▸ **Exercise objective**
Transcribe the entries below exactly; leave every image out.

▸ **Excerpted data**
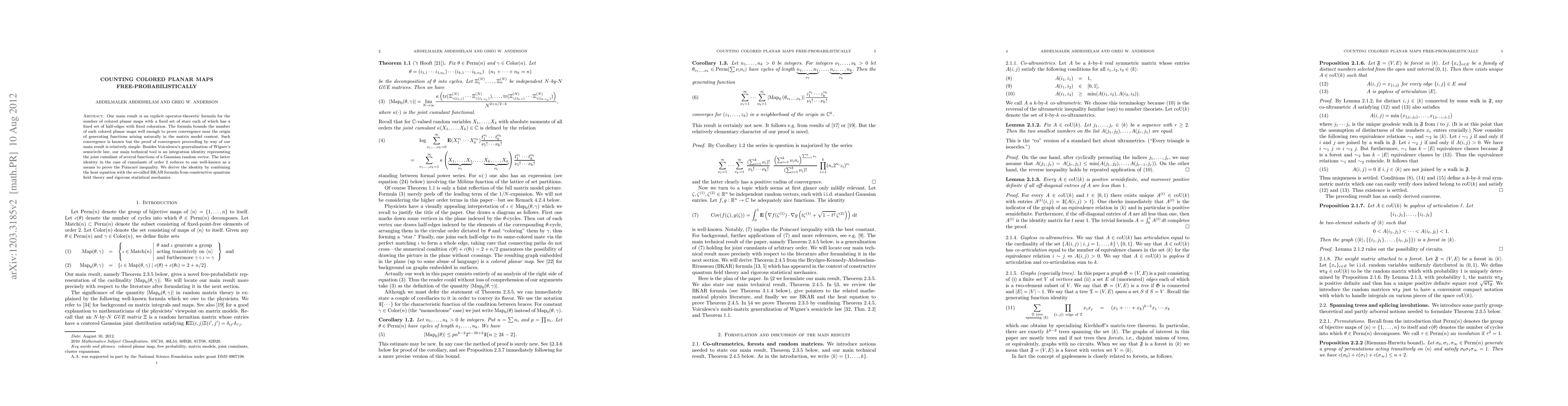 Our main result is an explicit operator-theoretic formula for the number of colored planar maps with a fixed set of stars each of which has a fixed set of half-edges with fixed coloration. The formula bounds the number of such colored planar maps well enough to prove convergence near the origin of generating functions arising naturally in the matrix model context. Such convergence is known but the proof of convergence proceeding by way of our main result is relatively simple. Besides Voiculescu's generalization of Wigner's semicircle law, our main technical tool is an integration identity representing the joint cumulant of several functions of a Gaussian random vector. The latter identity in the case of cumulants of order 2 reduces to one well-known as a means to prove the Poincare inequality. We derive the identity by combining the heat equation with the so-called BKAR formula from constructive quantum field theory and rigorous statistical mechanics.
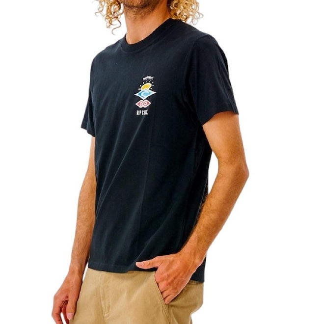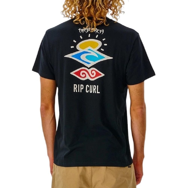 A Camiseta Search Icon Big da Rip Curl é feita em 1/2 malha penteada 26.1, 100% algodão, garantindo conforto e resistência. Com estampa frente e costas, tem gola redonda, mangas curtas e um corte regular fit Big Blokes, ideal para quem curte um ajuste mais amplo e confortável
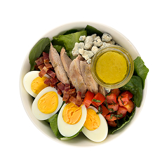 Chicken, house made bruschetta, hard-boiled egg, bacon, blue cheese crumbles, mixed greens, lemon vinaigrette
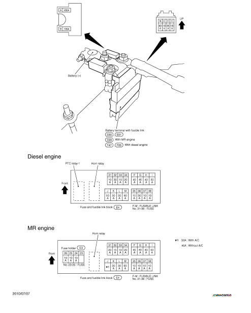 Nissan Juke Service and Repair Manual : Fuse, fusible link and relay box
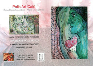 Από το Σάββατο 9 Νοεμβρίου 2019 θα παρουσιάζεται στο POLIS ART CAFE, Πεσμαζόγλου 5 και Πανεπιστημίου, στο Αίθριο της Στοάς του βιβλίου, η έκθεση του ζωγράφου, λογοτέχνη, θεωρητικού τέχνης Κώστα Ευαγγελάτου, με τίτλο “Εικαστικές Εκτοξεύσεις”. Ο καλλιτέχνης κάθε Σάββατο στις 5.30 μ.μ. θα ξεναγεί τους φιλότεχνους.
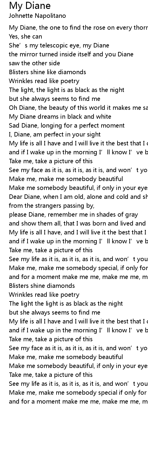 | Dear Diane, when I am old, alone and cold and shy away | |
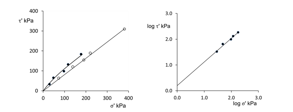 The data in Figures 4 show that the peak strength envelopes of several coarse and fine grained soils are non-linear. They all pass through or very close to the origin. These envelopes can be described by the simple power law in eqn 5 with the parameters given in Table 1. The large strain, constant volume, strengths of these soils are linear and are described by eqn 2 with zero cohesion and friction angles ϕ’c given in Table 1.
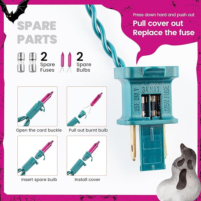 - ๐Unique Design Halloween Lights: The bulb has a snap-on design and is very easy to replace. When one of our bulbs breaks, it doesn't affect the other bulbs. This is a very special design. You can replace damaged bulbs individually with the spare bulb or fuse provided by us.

▸ **Response box**
 Our main result is an explicit operator-theoretic formula for the number of colored planar maps with a fixed set of stars each of which has a fixed set of half-edges with fixed coloration. The formula bounds the number of such colored planar maps well enough to prove convergence near the origin of generating functions arising naturally in the matrix model context. Such convergence is known but the proof of convergence proceeding by way of our main result is relatively simple. Besides Voiculescu's generalization of Wigner's semicircle law, our main technical tool is an integration identity representing the joint cumulant of several functions of a Gaussian random vector. The latter identity in the case of cumulants of order 2 reduces to one well-known as a means to prove the Poincare inequality. We derive the identity by combining the heat equation with the so-called BKAR formula from constructive quantum field theory and rigorous statistical mechanics.
 A Camiseta Search Icon Big da Rip Curl é feita em 1/2 malha penteada 26.1, 100% algodão, garantindo conforto e resistência. Com estampa frente e costas, tem gola redonda, mangas curtas e um corte regular fit Big Blokes, ideal para quem curte um ajuste mais amplo e confortável
 Chicken, house made bruschetta, hard-boiled egg, bacon, blue cheese crumbles, mixed greens, lemon vinaigrette
 Nissan Juke Service and Repair Manual : Fuse, fusible link and relay box
 Από το Σάββατο 9 Νοεμβρίου 2019 θα παρουσιάζεται στο POLIS ART CAFE, Πεσμαζόγλου 5 και Πανεπιστημίου, στο Αίθριο της Στοάς του βιβλίου, η έκθεση του ζωγράφου, λογοτέχνη, θεωρητικού τέχνης Κώστα Ευαγγελάτου, με τίτλο “Εικαστικές Εκτοξεύσεις”. Ο καλλιτέχνης κάθε Σάββατο στις 5.30 μ.μ. θα ξεναγεί τους φιλότεχνους.
 | Dear Diane, when I am old, alone and cold and shy away | |
 The data in Figures 4 show that the peak strength envelopes of several coarse and fine grained soils are non-linear. They all pass through or very close to the origin. These envelopes can be described by the simple power law in eqn 5 with the parameters given in Table 1. The large strain, constant volume, strengths of these soils are linear and are described by eqn 2 with zero cohesion and friction angles ϕ’c given in Table 1.
 - ๐Unique Design Halloween Lights: The bulb has a snap-on design and is very easy to replace. When one of our bulbs breaks, it doesn't affect the other bulbs. This is a very special design. You can replace damaged bulbs individually with the spare bulb or fuse provided by us.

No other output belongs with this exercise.